The barrier formulations were inspected visually for their color, homogeneity, texture, consistency, and phase separation. Homogeneity and texture were examined by rubbing a small quantity of the cream formulation for inconsistency and the presence of coarse undissolved materials [48]. The pH was determined by the Pinnacle series M530P pH meter (Corning Electrochemistry, NY, USA) on 1 g formulations in 100 mL of water at room temperature, and measured in triplicate. The physical stability of the barrier formulations was measured by subjecting 5 g of EVB, EVB-CMCH, and EVB-SMCH to three centrifugal cycles at 4000 rpm for 10 min in each cycle and observed for layer separation. The uniformity of weight was measured by filling and weighing 10 identical bottles with formulations [49,50]. To confirm the type of emulsion, the barrier formulations were diluted with oil and water and the diluents were observed for stability. The water in oil (W/O) type emulsion is stable on dilution with oil, but not stable with water [48]. To determine the shelf life of the formulated cream samples, they were kept intact in a closed and opaque container at room temperature in the dark for 6 months. The density, pH_pzc, SPF, spreadability, and adhesiveness of the base EVB formulation have been previously reported [34].

2.4. Chemical Analysis

BTX concentrations were determined at room temperature on a Waters high-performance liquid chromatograph (HPLC) equipped with a 1525 binary mixing pump, a 717 plus autosampler, an XBridge C18 column (4.6 mm × 50 mm, 3.5 µm), and a 2487 UV/Visible detector (Waters^®® Corporation, Milford, MA, USA) [51]. An isocratic mobile phase of 66% acetonitrile and 34% water at 1 mL/min flow rate was programmed with an injection volume of 25 μL. Chemicals were qualified and quantified by the UV detector set at 254 nm and 202 nm. The retention time for BTX was between 1.2 min and 1.5 min. The Breeze^®® software was used to control the system and collect data. A linear standard curve of each chemical was derived using a blank mobile phase and 9 concentrations from 0.5 to 30 µg/mL in water (r² = 0.999). The limit of detection and limit of quantification for BTX were 3.5 and 10.7 µg/mL, respectively.

2.5. Adsorption Screening

HPLC grade benzene, toluene, and o,m,p-xylene (purity ≥ 99%) were purchased from Fisher Scientific (Hampton, NH, USA). A chemical stock solution of BTX at 10 µg/mL for each chemical in pH 7 water was prepared weekly and sealed to reduce evaporation. This concentration of BTX was within the range of detected levels in polluted water to determine the maximum sorption efficacy of the EVB formulations. The EVB formulations were applied evenly on 15.8 mm filter papers (Millipore Corp., Badford, MA, USA) at doses of 0.05 g and 0.1 g and placed at the bottom of a 24-well plate.
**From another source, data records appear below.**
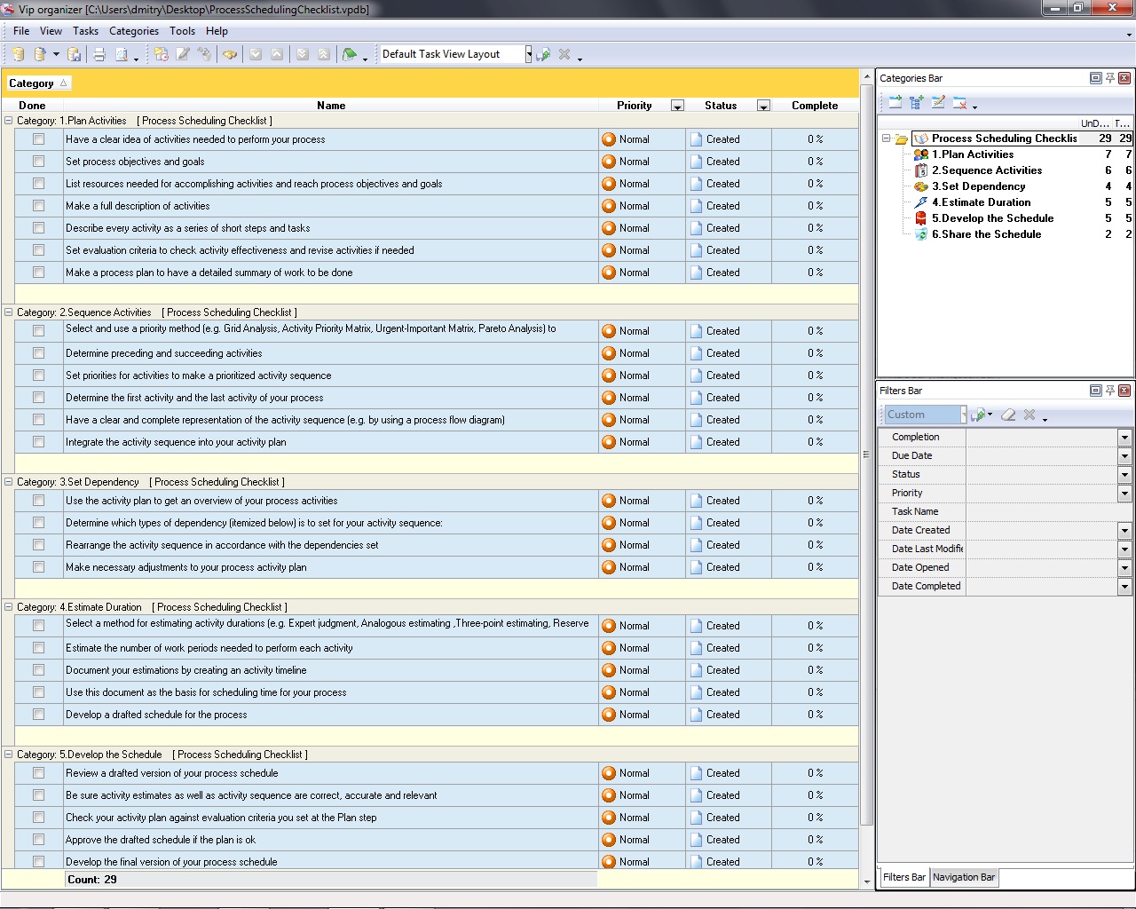 In this Process Scheduling Checklist we describe the procedure of scheduling a typical process as a series of 6 steps. The steps explain how to plan and sequence process activities, set dependencies, determine durations, and make a schedule. The checklist will be helpful for specialists involved in process management.   Process Scheduling Checklist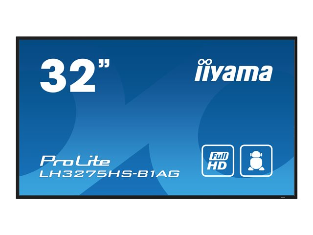 Produktbeskrivning iiyama ProLite LH3275HS-B1AG 32" LED-bakgrundsbelyst LCD-skärm - Full HD - för digital skyltning Typ av produkt LED-bakgrundsbelyst, platt LCD-skärm med inbyggd SoC-mediespelare URL med QR-kod för energimärke Https://eprel.ec.europa.eu/qr/1975417 Diagonalklass 32" Kommersiell användning Ja - digital skyltning Färg Svart, matt Plattform Android Upplösning 1920 x 1080 Visningsformat 1080p Rampris och förhöjningsteknologi 60 Hz Frame Rate Videogränssnitt HDMI HDMI-portskvantitet 2 portar Anknytningsbarhet Wi-Fi, LAN PC-gränssnitt DisplayPort Teknik IPS LCD-teknik för bakgrundsbelysning LED-bakgrundsbelysning Bildkvot 16:9 TV-tuner Ingen mottagare Kommersiella funktioner FailOver Bildförbättringar 72 % färgomfång NTSC Högtalarsystem 2 högtalare Lagringskapacitet 32 GB USB 2 portar Inkluderade tillbehör Fjärrkontroll, kabelklämmor, klistermärken för skruvhål, skydd för strömbrytare Spänning AC 100-240 V (50/60 Hz) Energiklass Klass G Energiförbrukning vid drift 46 Watt Strömkonsumtion (driftläge) 45.7 W Strömkonsumtionsställ med 0.5 Watt Dimensioner (BxDxH) 72.55 cm x 5.4 cm x 42.18 cm Vikt 5.2 kg Tillverkarens garanti 3 års garanti -
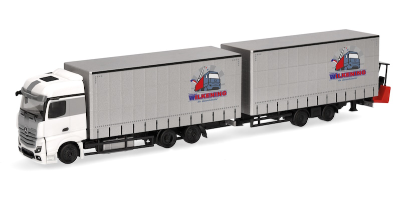 Mercedes-Benz Actros Jumbogardinenplanentandem-Hängerzug mit Stapler "Wilkening"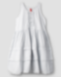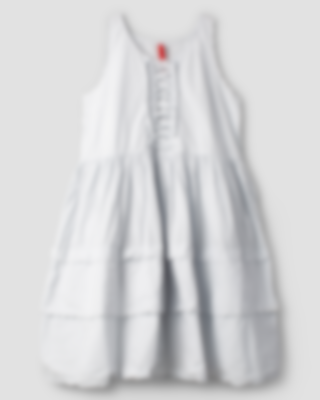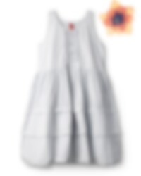 Knee-length, sleeveless dress in cotton with lacing at the front. Wrinkled from the waist for lovely volume, pockets in side seams and beautiful scallop seam endings.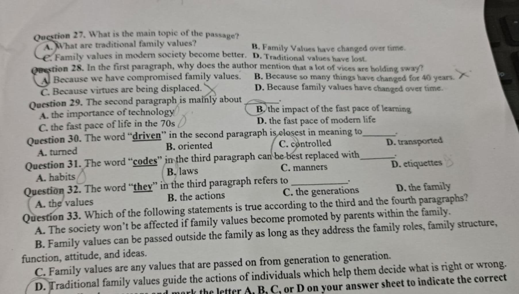- Dẫn chứng: The fast pace of learning has kept parents lagging in getting a hold of their kid's moral values and helping them understand what family values used to be.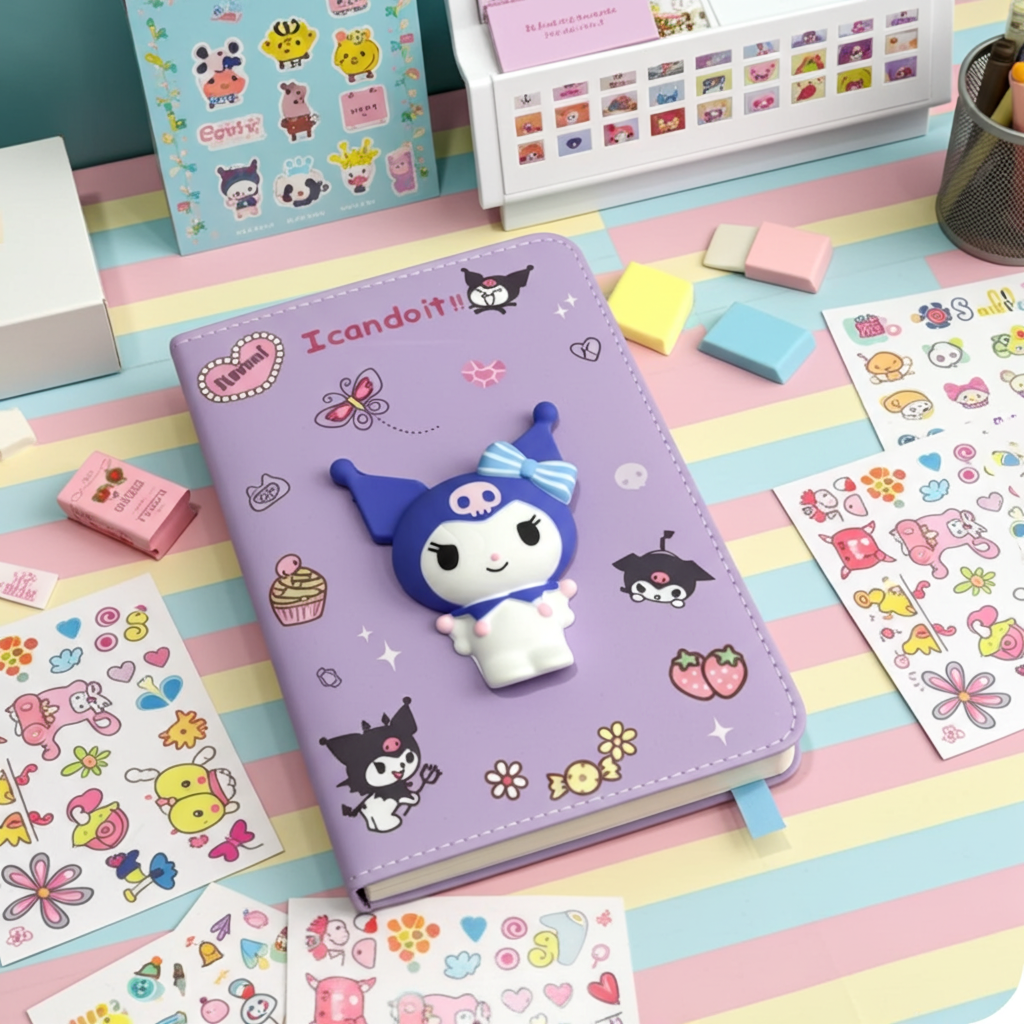 Brighten your desk and inspire your creativity with this adorable purple Kuromi 3D notebook! The cover features playful Kuromi and Sanrio-themed illustrations, sweet strawberries, cupcakes, and cheerful designs alongside the uplifting quote "I can do it!!". The highlight is the 3D Kuromi figure with a blue bow, adding a fun and tactile touch to your stationery. Perfect for journaling, note-taking, planning, or as a collectible gift, this kawaii notebook combines cute Japanese aesthetics with motivation and charm. Ideal for Sanrio lovers, students, artists, and anyone who enjoys pastel stationery that sparks joy.

Chemical stock solutions at volumes of 2 mL were added to each well and mixed with EVB formulations on a rocking platform (VMR, Hamburg, Germany) at 600 rpm and 37 °C for 2 h, which corresponds to the suggested duration for reapplication of sunscreen products. Controls included 2 mL of blank (pH 7 water), chemical solution (10 µg/mL BTX), and EVB formulations in water, all of which contained a filter paper at the bottom of the well. All samples were filtered through Whatman filter papers (40 ashless, 11 cm) to discard EVB creams. The filtrate containing free chemicals was analyzed individually by HPLC, as mentioned above. The reduction rates of each chemical after treatment were calculated as the difference between chemical controls and treatment with EVB, EVB-CM, EVB-SM, EVB-CMCH, and EVB-SMCH at various doses.

2.6. Adsorption Kinetics

Adsorption kinetic models were included to study the effectiveness of EVB formulations in adsorbing BTX, following realistic exposure durations (within a few hours) [10]. To correlate the adsorption rate with concentrations and estimate the optimal dose of the adsorbent, 0.05 g EVB or EVB-SMCH on filter paper were placed at the bottom of the well and in contact with BTX mixtures in pH 7 water at various concentrations, i.e., 5, 8, and 10 µg/mL. These chemical/formulation mixtures in 24-well plates were sealed and agitated at 37 °C in pH 7 water for no longer than 4 h to limit BTX evaporation. The adsorption kinetics were analyzed by the adsorption of chemicals at different time intervals (10 min, 30 min, 1 h, 1.5 h, 2 h, and 4 h). To analyze the adsorption rate, pseudo-first-order, pseudo-second-order, and Elovich models [52,53] were investigated. The nonlinear pseudo-first-order rate equation is expressed as follows:

q_t = q_e × [1 − exp (−K₁ × t)]

(1)

where q_e (mg/kg) and q_t (mg/kg) were the amounts of chemical adsorbed at equilibrium and at time t. K₁ (min⁻¹) was the rate constant of the first order. The pseudo-second-order kinetic model is expressed as:

$${\mathrm{q}}_{\mathrm{t}}=\frac{\mathrm{K}2\times {\mathrm{qe}}^2\times t}{1+\mathrm{qe}\times \mathrm{K}2\times \mathrm{t}}$$

(2)

where q_e and q_t were the amounts of the chemical adsorbed onto EVB formulations (mg/kg) at equilibrium and at time t (min), and K₂ (mg/kg min) was the pseudo-second-order rate constant. The Elovich equation is one of the useful models for activated adsorption reactions [54], and is expressed as:

$${\mathrm{q}}_{\mathrm{t}}=\frac{1}{\mathrm{b}}\ln \mathrm{ab}+\frac{1}{\mathrm{b}}\ln \mathrm{t}$$

(3)

where a was the initial adsorption rate (mg/kg min) and b was related to the extent of surface coverage and the activation energy involved in chemisorption (mg/kg). A trial-and-error procedure for computer operation for nonlinear models was used to determine the kinetic parameters by minimizing squared deviation and coefficient of determination between experimental data and predicted values [55].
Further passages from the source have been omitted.